In order to solve the above-mentioned problems, the present inventors have made a detailed study on the situation of temperature rise on the surface of the braking disk and the situation where the heat is transmitted to the permanent magnet. In order to suppress the temperature rise of the braking disc and permanent magnet, "magnet pole surface facing method" and "pole pieceless method" are adopted to ensure the heat dissipation of the guide tube and braking disc It has been clarified that it is effective to directly cool the surface of the heat generating part of the disc that faces the permanent magnet of the braking disc, which has the highest temperature.

As shown in FIGS. 1 to 3, in the ordinary eddy current speed reducer, permanent magnets are arranged on the entire circumference of the retaining ring in the circumferential direction. In this case, since the surface of the braking disc facing the permanent magnet faces the end face of the guide cylinder containing the permanent magnet at a narrow interval, it is difficult to introduce cooling air to the surface of the braking disc. is there.

However, if a region where the permanent magnets are not arranged is provided in a part of the holding ring in the circumferential direction and the nozzle for cooling is arranged in this region, the braking disk has the highest temperature.
The surface facing the permanent magnet can be cooled directly.
Moreover, in order to suppress the temperature rise of the braking disc and the permanent magnet, it is most effective to directly cool the heat generating portion of the braking disc.
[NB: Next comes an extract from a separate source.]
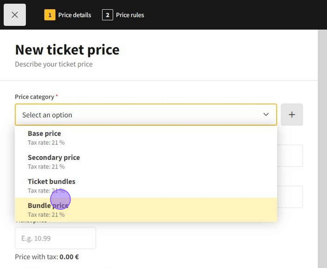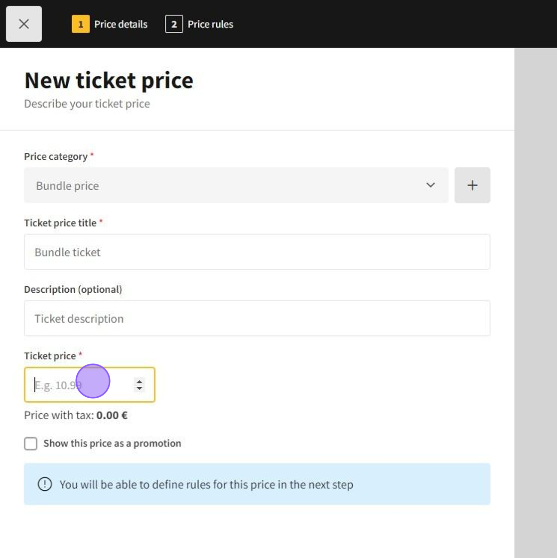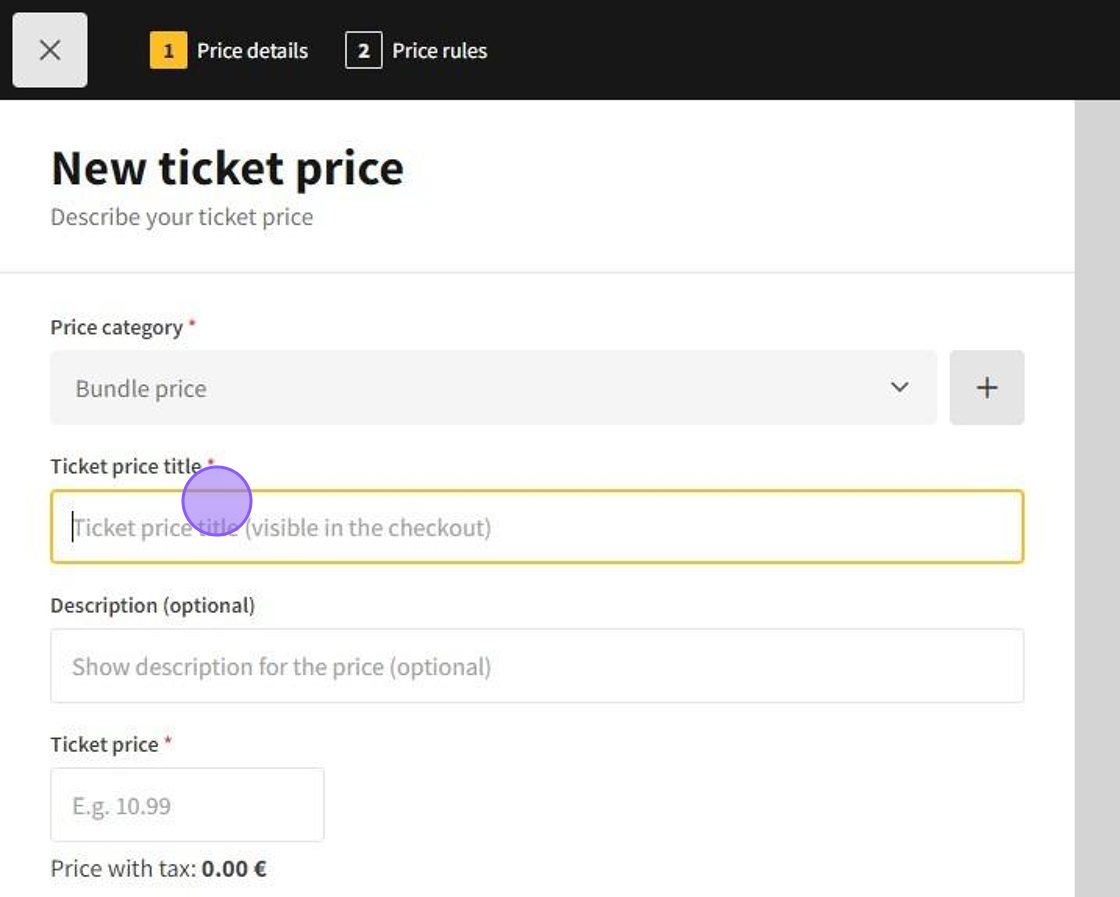 1.Click New ticket price to add a new ticket price.

If a region in which the permanent magnets are not arranged is provided in a part of the retaining ring in the circumferential direction, there is a concern that the braking torque generated may decrease. However, the dimensions of the permanent magnets that are placed in the remaining area on the circumference (for example, the radial and rotational axis dimensions)
By increasing, the braking force of the entire device can be secured without reducing the braking torque so much.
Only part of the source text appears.